I just want it to be movable and seems like a nice way to achieve it.

That was a secondary thing here too.. I'm constantly moving things around. My cabinet weighs about 750 lbs.. takes a bit of oomph to get it rolling.
 
My Sunny Island test setup isn't as clean as Murphy's.
Built from a few spare 2x4 and some casters. At about 600 lbs. I can barely roll it.
If I rebuild it as a permanent setup, either split-phase or 3-phase, I'll weld together u-channel.

100 Ah 48V AGM, Sunny Island Charger, Sunny Island 5048US, 120/240V transformer, DC and AC breaker panels.
Everything is at least 3R except Sunny Island, and I made that watertight with a silicone sheet.

It has a 120V 15A plug so I can connect it to an outlet.
10/3 wire to patch output another panel.
MC cables to a couple PV panels on the roof.
I need to confirm what polarity the 15A 6-gang Outback breakers have. It was meant to segment a 600V string to 100V sections, but now I'm using it for parallel strings.

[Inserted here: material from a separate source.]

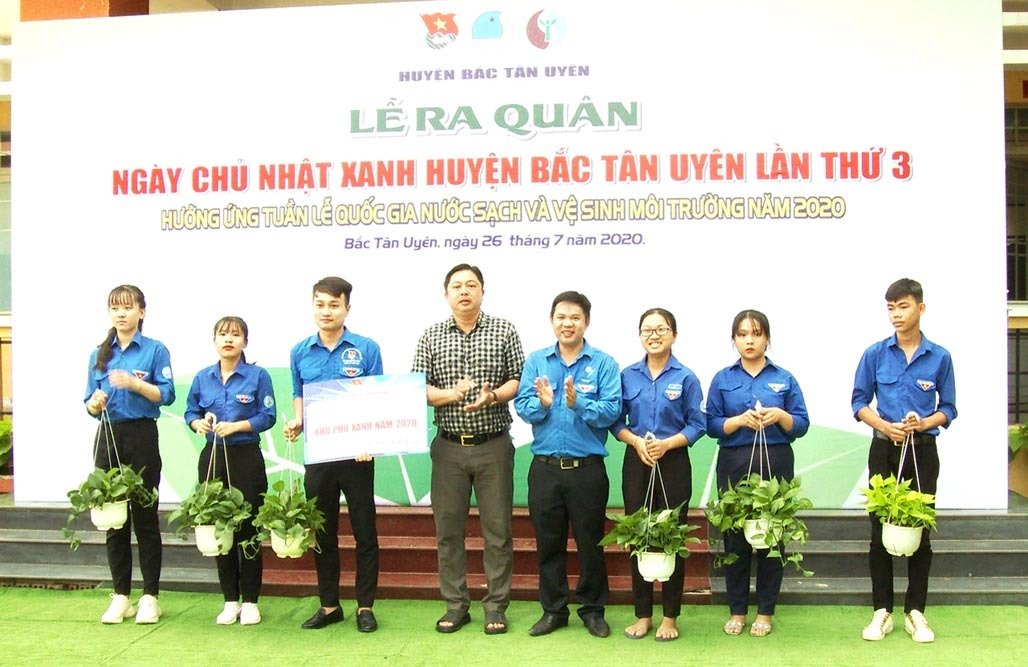 Sáng ngày 26-6, Huyện đoàn Bắc Tân Uyên phối hợp cùng Phòng Tài nguyên và Môi trường huyện, Điện lực huyện tổ chức lễ phát động ra quân Ngày Chủ nhật Xanh lần thứ III năm 2020 và hưởng ứng tuần lễ nước sạch vệ sinh môi trường. Đến dự lễ phát động có bà Lê Thị Anh Đào-Phó Ban Dân vận Huyện ủy, bà Võ Thị Tuyết Nhung-Phó Chủ tịch UBMTTQ huyện, ông Đỗ Ngọc Lợi-Bí thư Huyện đoàn, ông Nguyễn Thiện Tâm-Phó Trưởng phòng Tài nguyên và Môi trường huyện.

The transformer at 9000 VA is overkill for this setup but let me connect a 240V Sunny Boy.
I plan to use it as a balancing transformer on my grid backup system.

front back.jpg
 
Yes, although I don’t expect a lot of dust, the filter idea is in the plan ;)
Don’t think I need to seal the doors, cabinet will be under pressure because of the fan(s), but could add if needed.

anyone here that has experience with the MPP’s in a smaller space like a cabinet ?
If you put the filter on the fan and the inside is at positive pressure (as you stated), I can't see a reason for a seal. I have seen designers put a filter on a chassis inlet and a fan on the other end to suck air through. I always thought this was a bad design because it sucked in unfiltered air from every crack.